No matter if you've been playing your whole life, or if you just picked up a guitar a month ago, playing guitar is not an easy task. It is more than just learning your favorite songs and feeling like a rock star. Through all of the broken strings, bad days, and endless requests, your journey to becoming the guitar player you are today surely has been rifled by both good and bad experiences.
1. Finger blisters are the worst.
Until those blisters turn into tough calluses, it's a painful journey to learning how to play your instrument. I can't count the amount of bandaged fingers I had throughout middle school when I was first learning how to play.
2. Broken E strings are the easiest way to ruin your day.

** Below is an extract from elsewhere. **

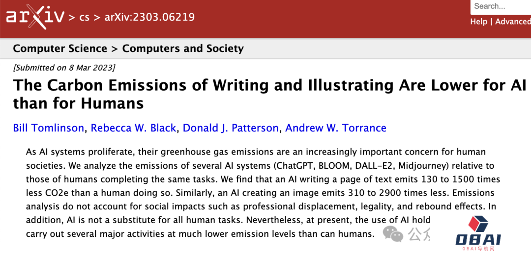 咳咳,有意思的是,上面的答主@段小草还提到了一篇论文,题为《The Carbon Emissions of Writing and lllustrating Are Lower for Al than for Humans》,讲的是AI在画画和写作上的碳排放量一个比人类少310到2900倍,一个比人类少130到1500倍。
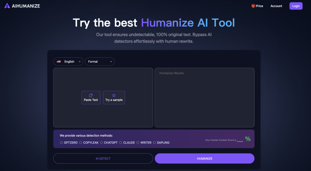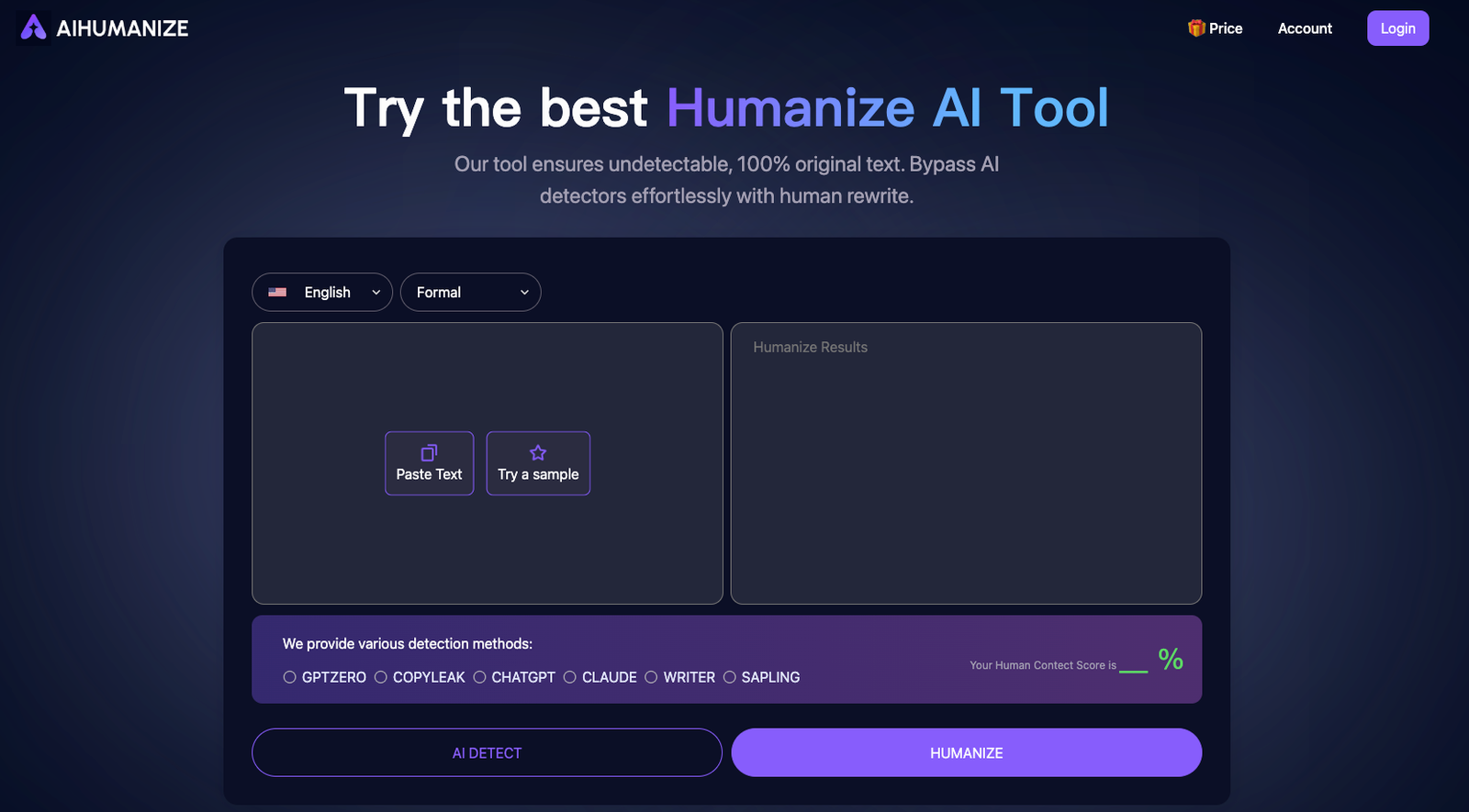 AI Humanize is a tool that turns AI text into human-like writing, helping users avoid AI detection. It works in three steps: paste AI-generated text, check AI content with ‘AI Detect’, and ‘Humanize’ to create undetectable content.

You're strumming along to your favorite song, relieving some stress, enjoying the music, when all of a sudden, your little bottom e-string snaps. It happens so quickly, sometimes snapping you right on the hand or even in the face. All you can do is stare in shock at how your guitar could betray you like this. Eventually you pick yourself off the floor and go change your string, but not without first cursing that tiny, fragile string to hell.

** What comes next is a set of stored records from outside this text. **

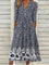 Dark Blue Casual V Neck Floral Printed Half Sleeve Dress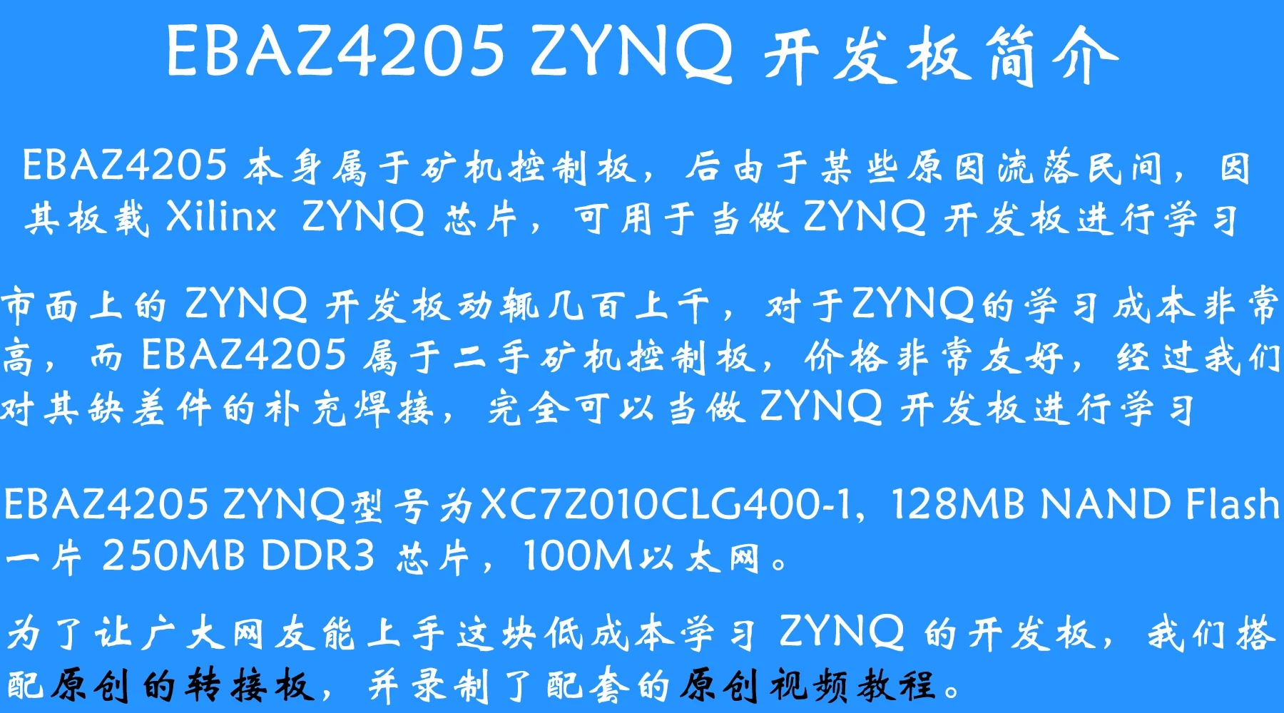 Línea de código abierto EBAZ4205 placa adaptadora Xilinx ZYNQ 7010 suite de aprendizaje
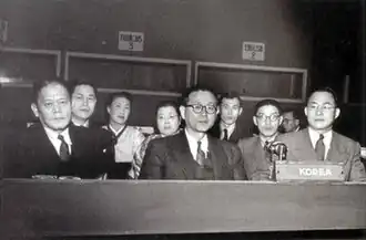 Under Japanese rule, Chang worked in education as a school teacher, administrator, and principal. In 1948, he led the delegation of the Republic of Korea to the UN General Assembly. In 1949, he became the first ambassador of the Republic of Korea to the United States. In 1950, he successfully appealed to the United States and the UN to send troops to assist in the Korean War. On November 23, 1950, he was appointed the prime minister of the First Republic of Korea. From 1956 to 1960, he served as the vice president of the First Republic of Korea.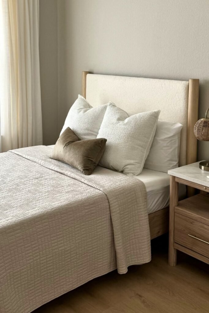 You should add softness through bedding and a small natural accent instead of extra décor, especially in small to medium bedrooms.
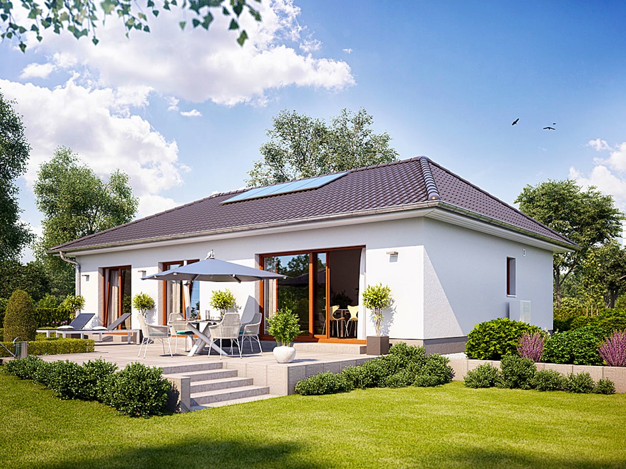 Dieser Bungalow besticht durch sein klassisches Walmdach mit einer Neigung von 25 Grad. Diese Dachform verleiht dem Haus eine zeitlose Eleganz und schützt die Fassade optimal vor Witterungseinflüssen. Als Massivhaus konzipiert, vereint es Beständigkeit mit einem modernen Wohngefühl auf einer Ebene, was besonders für barrierefreies Wohnen im Alter oder für kleine Familien ideal ist.

3. You lose more picks than you have to your name.
You find them every except in your gig bag. They're in old pants' pockets, the washer, the dryer, in old purses, wallets, on the floor, in winter coats--everywhere except the place you need them to be.
4. Everyone thinks you're "that guy" who only knows how to play "Wonderwall" by Oasis.

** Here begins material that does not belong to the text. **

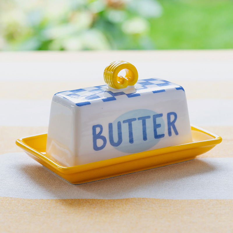 Plato de cerámica para mantequilla de Talking Tables, perfecto para servir, conservar o presentar la mantequilla de forma elegante en la mesa. Su diseño práctico y decorativo lo convierte en un accesorio ideal tanto para el desayuno como para comidas y cenas con invitados. También puede utilizarse para presentar quesos, salsas o pequeños aperitivos, aportando un toque de estilo a cualquier ocasión.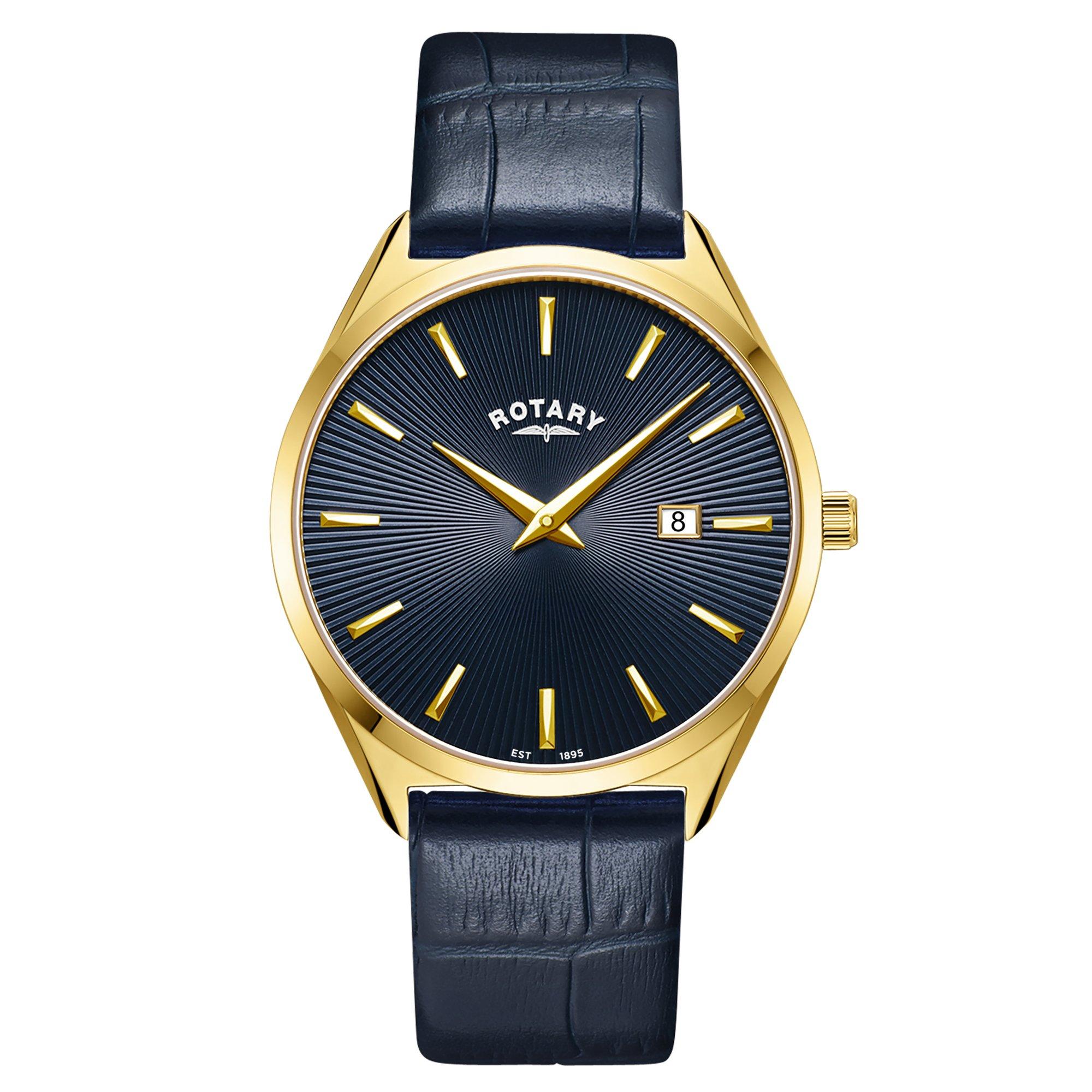 Mens Ultra Slim SS Blue Leather Strap Watc

Nobody wants to be that guy.
5. Your chances of getting a date automatically go up, at least a little, when you mention you play guitar.
Hey, it's a better, more honest tactic than when guys in TV shows use other people's babies or puppies to pick up women. Who can resist someone with a gig bag strapped to their back?
6. When someone asks you to play something, you automatically forget every song you've ever learned.
The struggle is real. Your confidence in your skill wavers as you try to remember all of the painstaking hours of memorizing chords, tabs, and notes and it suddenly becomes impossible to remember any of the tabs you've bookmarked on Ultimate Guitar's website.
7. There's nothing more rewarding than learning that one song that you've been practicing forever.
Some of us are good at lead guitar, some of us are good at rhythm, and some just do their own thing. No matter how we play, however, there's nothing better than learning that one song you've been working on for a while.
8. Capos are life-savers.
Capos are just so much easier to use than barre chords; I don't care if using them is the easy way out. Barre chords are exhausting (especially when you have really small hands).
9. You have a specific kind of pick you like, and no others compare.
I like medium Fender picks. Flimsy thin picks will not do. Thick picks are overwhelming. Any kind of medium pick will do, but please, no thin, flimsy picks. They are the worst.
10. You can tell when any string is a little out of tune and it drives you insane.
Even if it is barely out of tune and the rest of your strings are perfectly in tune, you can still hear that little off-key twang. It makes me cringe just thinking of it.
11. At some point, you become the free entertainment at family parties.
I started playing guitar in middle school and from that moment on, for a while, I'd take my guitar to every family gathering and play and sing in the background forever. It got a bit exhausting sometimes, so now I just stick to the occasional cover song video on my Facebook.
12. Everyone asks if you can teach them how to play a song.
At first, you get really excited, saying "Yeah! Of course! It will be so fun! Then we can collab or something, maybe??" Then you actually try to teach them and it turns into "what do you mean you can't stretch your fingers that far?" "No, no, hold the pick like this." It's much more tedious than you initially thought it would be. God bless the teachers who had the patience to give us lessons every week.
13. People treat you like a DJ, hammering off song request after song request.
"Can you learn >insert overplayed pop song here<?" "Can you play >insert obscure song you've never heard in your life<?" Sometimes it's fun to learn songs for other people, but most of the time, you're playing for your own enjoyment and you want to pick out your own songs. The only things that are going to hear you are your bedroom walls, anyway.
14. There is always going to be that one person who is better than you and that is okay.
Okay, so most of the time, there will be far more than just one person who is better than you. The thing is, though, that you shouldn't let your skill level compared to someone else's make you feel bad. After all, it's about the love of the music more than anything else. As long as you're happy and doing what you love, then it shouldn't matter how good or bad you are at playing your instrument.
15. Your love of music will always be bigger than your skill level.
One thing all guitarists can always be sure of is our undying love of the music, whether we pick at our six-strings every day or haven't picked one up in years. The love of music is always there.